RAW DATA:
######

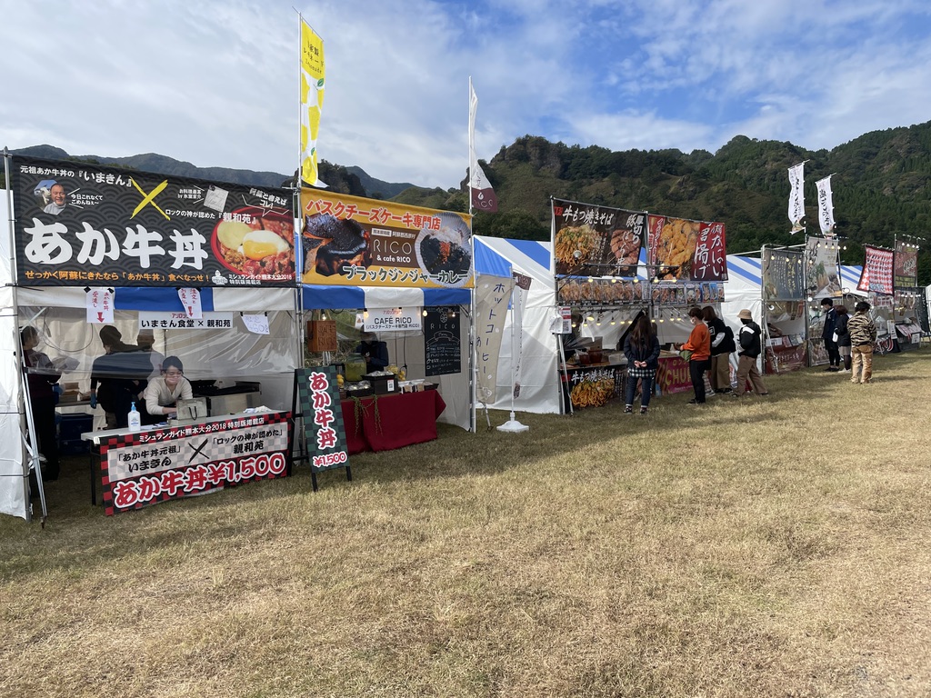 阿蘇ならではのフードバリエーション。普段は行列で1時間待ちの人気店も、並ばずに食べれるという贅沢さ。
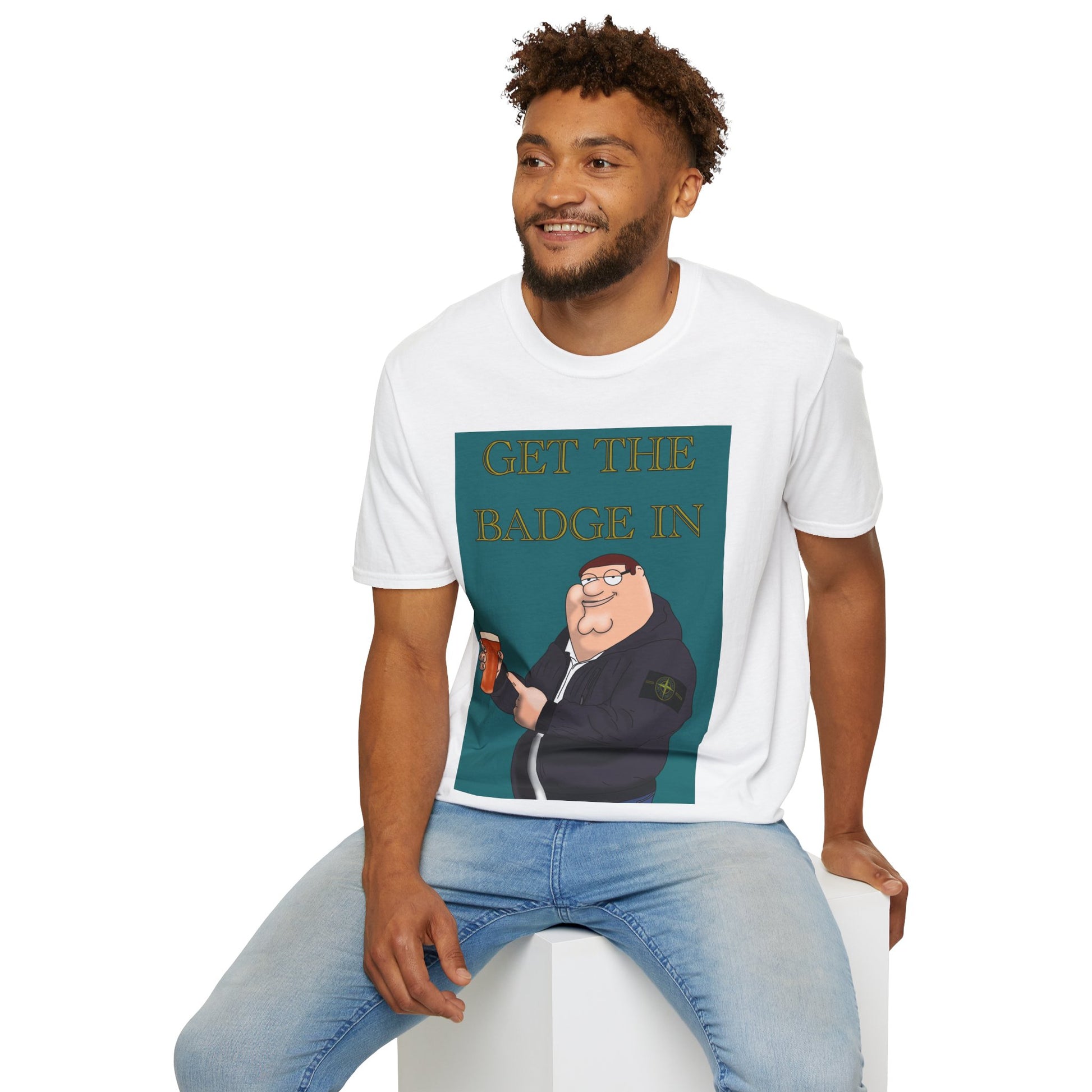 Funny Cartoon Stone Island Badge Meme T‑Shirt – “Get The Badge In” Beer Pub Tee
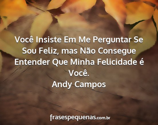 Você Insiste Em Me Perguntar Se Sou Feliz, mas Não Consegue Entender Que Minha Felicidade é Você.Andy Campos
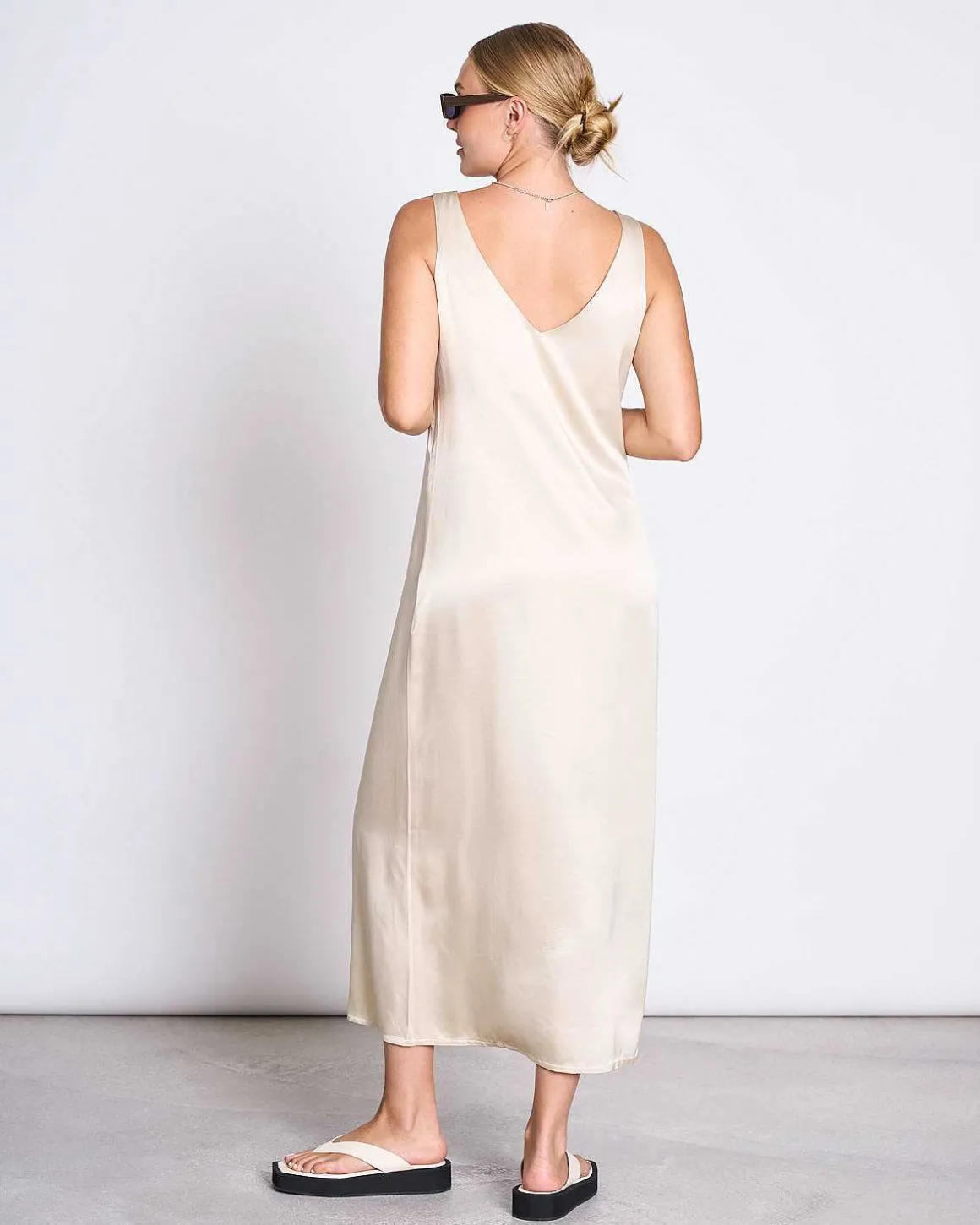 …Ohne Jede Anstrengung. Darf Ich Vorstellen: Benvie, Das Fließende, Locker Geschnittene Midikleid Mit V-Ausschnitt Vorne Und Hinten Und Breiteren Trägern. Benvie Ist Dein Treuer Begleiter Für Sommerhochzeiten, Tanzabende Am Strand Oder Was Auch Immer Du Diesen Sommer Vorhast. Du Kannst Es Auch An Kälteren Tagen Mit Einem Rollkragenpullover Darunter Tragen.

######

Working from the data above, repeat exactly, and only, the lines that begin at the line containing "Funny Cartoon Stone" and stop after the line containing "Você Insiste Em"; pictures are not copied.

 Funny Cartoon Stone Island Badge Meme T‑Shirt – “Get The Badge In” Beer Pub Tee
 Você Insiste Em Me Perguntar Se Sou Feliz, mas Não Consegue Entender Que Minha Felicidade é Você.Andy Campos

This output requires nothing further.